Diz-se que quem corre por gosto não cansa.Quer isto significar que, se fazemos algo de que gostamos, não percebemos o esforço a que nos submetemos para o fazer e não descansamos enquanto não chegarmos onde queremos. Agora percebo por que ando tão cansada.
Não fazia ideia. Só quando finalmente consegui parar durante mais do que duas semanas seguidas é que senti na alma o quão cansado estava o meu corpo. Exausto pela corrida que durou mais de uma década. Uma maratona, portanto. Eu queria que tivesse sido um sprint, mas, para que pudesse cortar a meta, estava–me destinado correr a maratona e assim o fiz.
Olhando para trás, vejo que não me poupei a esforços. Quando terminei os meus estudos na faculdade, consegui um trabalho a tempo inteiro. Chegou a haver uma altura em que, para além do trabalho e dos concertos com a minha primeira banda, ainda tinha aulas de canto e aulas de pós–graduação. Todas as horas dos meus dias eram dedicadas ou ao trabalho que me permitia subsistir ou ao trabalho que sonhava poder abraçar.
Quando finalmente consegui, pensei que poderia ter algum tempo livre para descansar e fazer algumas coisas de que gosto, mas que não tinha tido tempo de aprofundar ou de fazer com regularidade. Cozinhar, fotografar, ler, estar com a família, passear, «domingar»… Estava enganada. Não só não consegui arranjar tempo para descansar, como descobri que, quando se trabalha naquilo que se ama, a vontade de fazermos coisas e de avançarmos é tanta que acabamos por trabalhar ainda mais.

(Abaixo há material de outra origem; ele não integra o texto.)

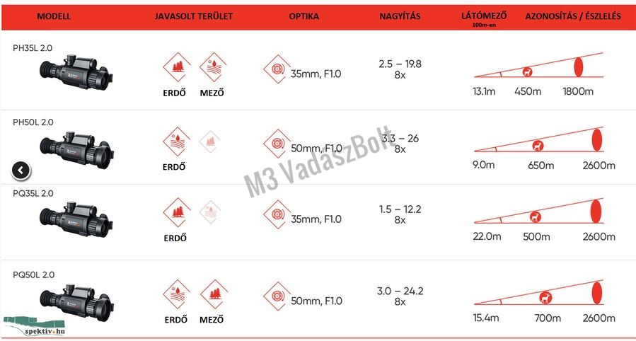 • 35mm-es  objektívnek, és az új, 12 mikronos érzékelőnek  köszönhetően, egy emberi alak, vagy egy szarvas akár 2600 méterről észlelhető.( 3 pixel)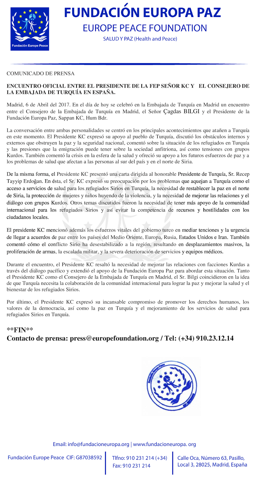Durante el encuentro, el Presidente KC resaltó la necesidad de mejorar las relaciones con facciones Kurdas a través del diálogo pacífico y extendió el apoyo de la Fundación Europa Paz para abordar esta situación. Tanto el Presidente KC como el Consejero de la Embajada de Turquía en Madrid, el Sr. Bilgi coincidieron en la idea de que Turquía necesita la colaboración de la comunidad internacional para lograr la paz y mejorar la salud y el bienestar de los refugiados Sirios.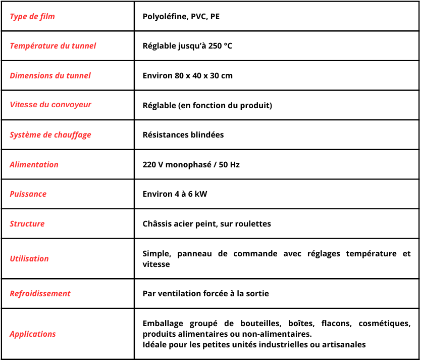 Cette fardeleuse compacte est conçue pour l’emballage par film rétractable de petits lots de produits. Elle intègre un tunnel de rétraction chauffé pour assurer un emballage uniforme, solide et esthétique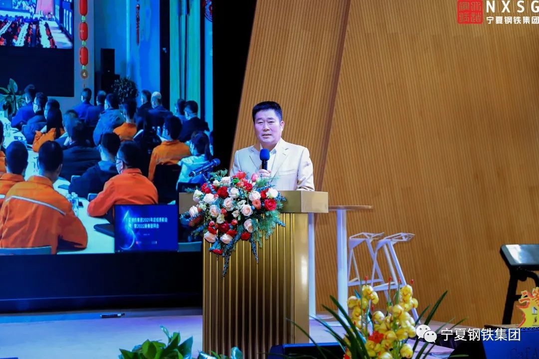 寧夏鋼鐵集團輪值總經理張廼軍宣布2021年表彰決定。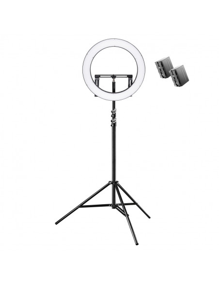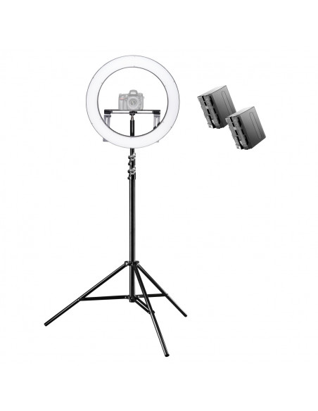 Set of Walimex pro LED ring lamp 500 and matching Walimex pro WT-806 lamp stand plus two rechargeable NP-F batteries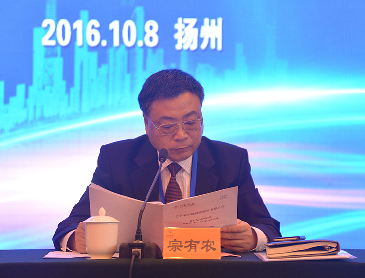 10月8日上午,公司股東大會臨時會議、董事會監事會六屆八次會議、董事會六屆九次會議在揚州會議中心召開。華建股東單位代表,董事會、監事會成員,各區域公司和各分支機構負責人、其他列席人員共50余人參加會議,宗有農總經理主持會議。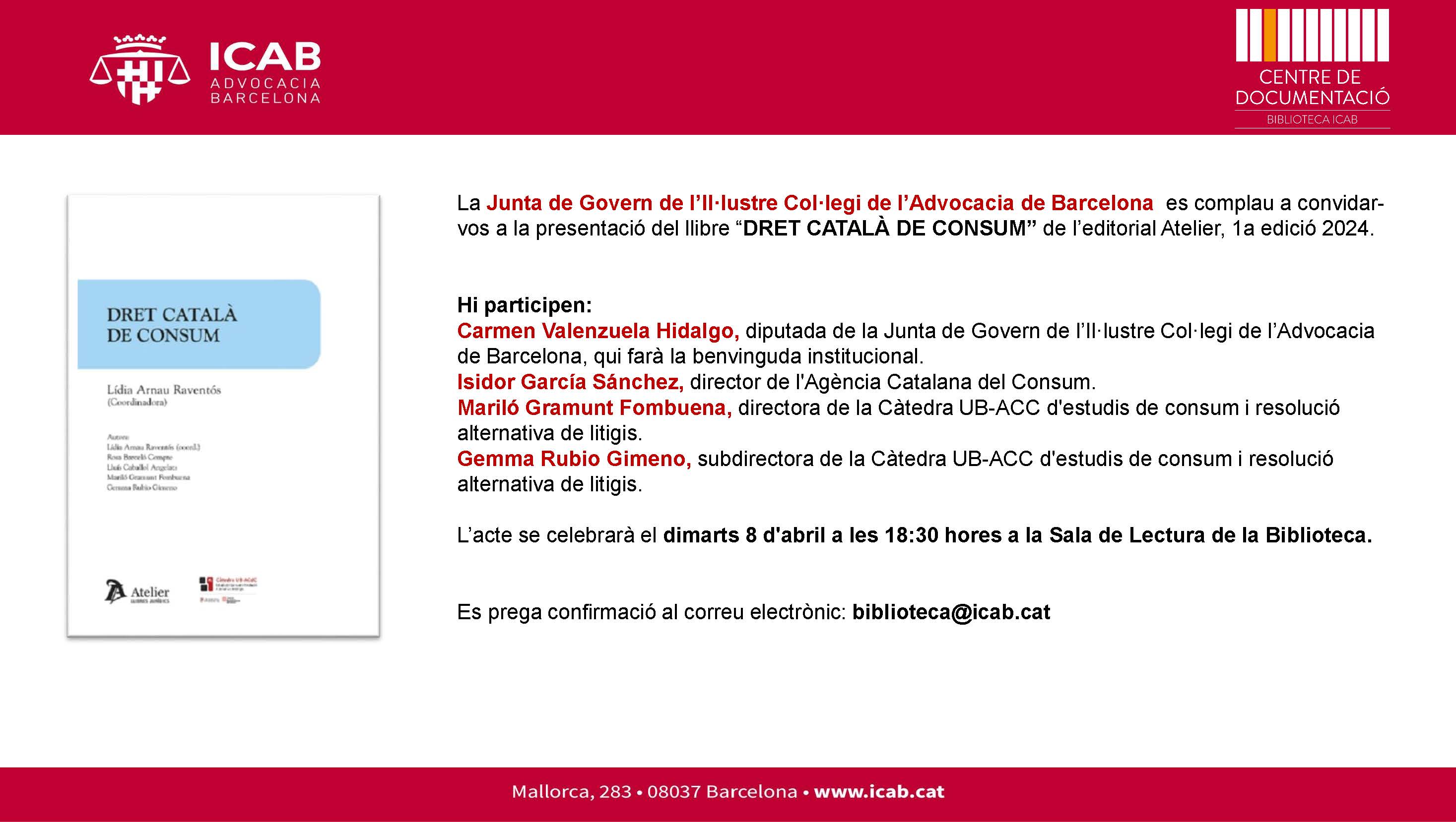 La Biblioteca de l'Il·lustre Col·legi de l'Advocacia de Barcelona (ICAB) acollirà el pròxim dimarts, 8 d'abril del 2025, a les 18:30 h, la presentació del llibre "Dret Català de Consum", de l’editorial Atelier, 1a edició 2024.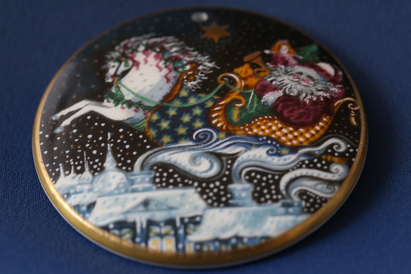 Smuk lille ornament "Santa Claus collection" 1991, med smukt julemotiv. Motivet er julemanden i kane over by, der fremstilles romantisk i flotte bløde farver.Diameter: 5,5 cm.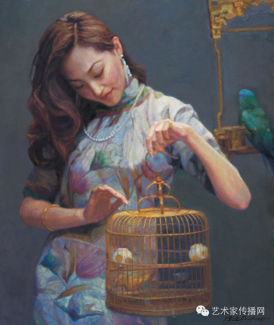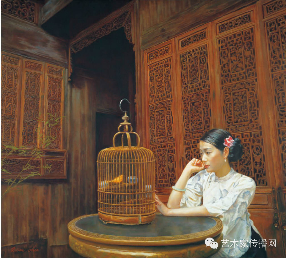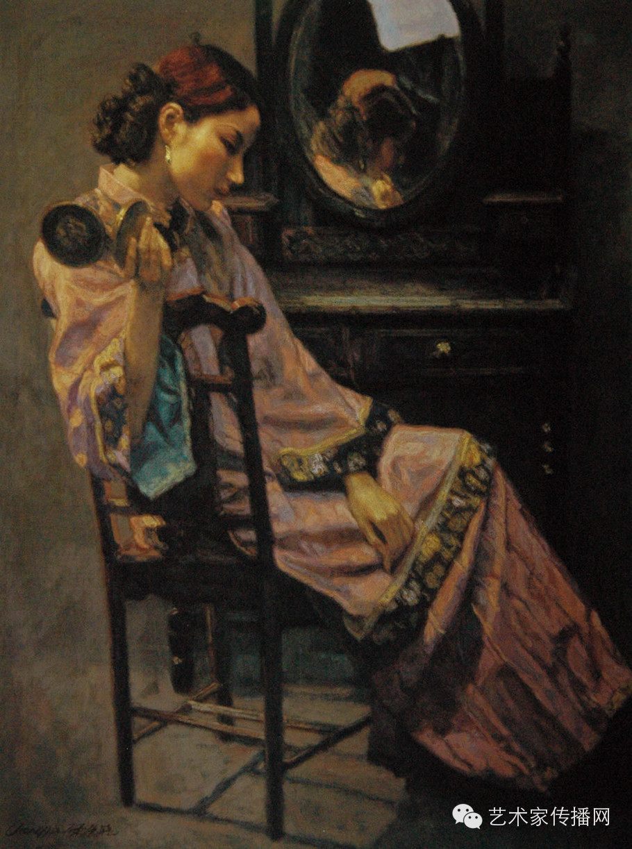 而在这自视和外观的过程中,必然融入他们流淌在血脉之中的民族文化精神的基因,并且又在这深厚的文化底蕴中以个性力量寻求突破、超越和转换,从而建构起属于自己的绘画语言和图式,创作出凸显艺术家理想情怀和审美情致的作品,让人们不由自主地感受到从画面上涌现出的精神力量。从这个意义来说,陈逸飞是一位名副其实的、在艺术上卓有建树的既成熟又成功的油画家。

Como costumo dizer, nunca trabalhei tanto na minha vida como trabalho agora, que sou música. Para além de ser uma profissão criativa, o que por si só significa dedicar horas a fio à criação de algo, implica ainda muitas horas de trabalho técnico, ou seja, de ensaios regulares e de estudo solitário, bem como de pesquisa intensa. Depois, existem aquelas pequenas tarefas que, todas somadas, acabam por encher dias de calendário. Reuniões com a equipa técnica, para pensar e avaliar o conceito do concerto, tanto ao nível do som como ao nível das luzes e da organização de tudo na estrada, reuniões com a equipa de produção/agenciamento, para delinear a marcação de concertos, reuniões com o manager, para ir estabelecendo objectivos e traçando o caminho a seguir, reuniões com a editora e a promoção, para gizar o plano de edição de álbuns. Há ainda outras coisas que, não estando directamente relacionadas com isto de se estar em palco ou de gravar canções, são essenciais no exercício da nossa profissão: dar entrevistas, fazer sessões fotográficas, falar em seminários, palestras, workshops, tertúlias públicas.
E assim, sem me aperceber, a semana livre acaba por corresponder a um dia livre, que é aproveitado para matar as saudades da nossa família e amigos, para tratar de assuntos burocráticos, para arranjar qualquer coisa em casa que precisa de arranjo. Só no final de tudo é que posso dedicar algum tempo a mim. O problema é que, mesmo conseguindo chegar aí, a cabeça teima em não desligar. Pensa–se nos assuntos que estão pendentes, nas coisas que andam a fervilhar aqui dentro, ideias, pensamentos, melodias, palavras.
Só neste ano consegui, pela primeira vez, parar. Durante umas poucas semanas, é certo. Mas consegui. E quando me levantei, um dia, e senti como se me tivessem dado uma tareia enorme na véspera, é que percebi o quão cansada estava. Sabe bem parar um pouco, esticar as pernas e recuperar o fôlego. Não tarda é hora de voltar a correr. Com gosto. E já mais descansada.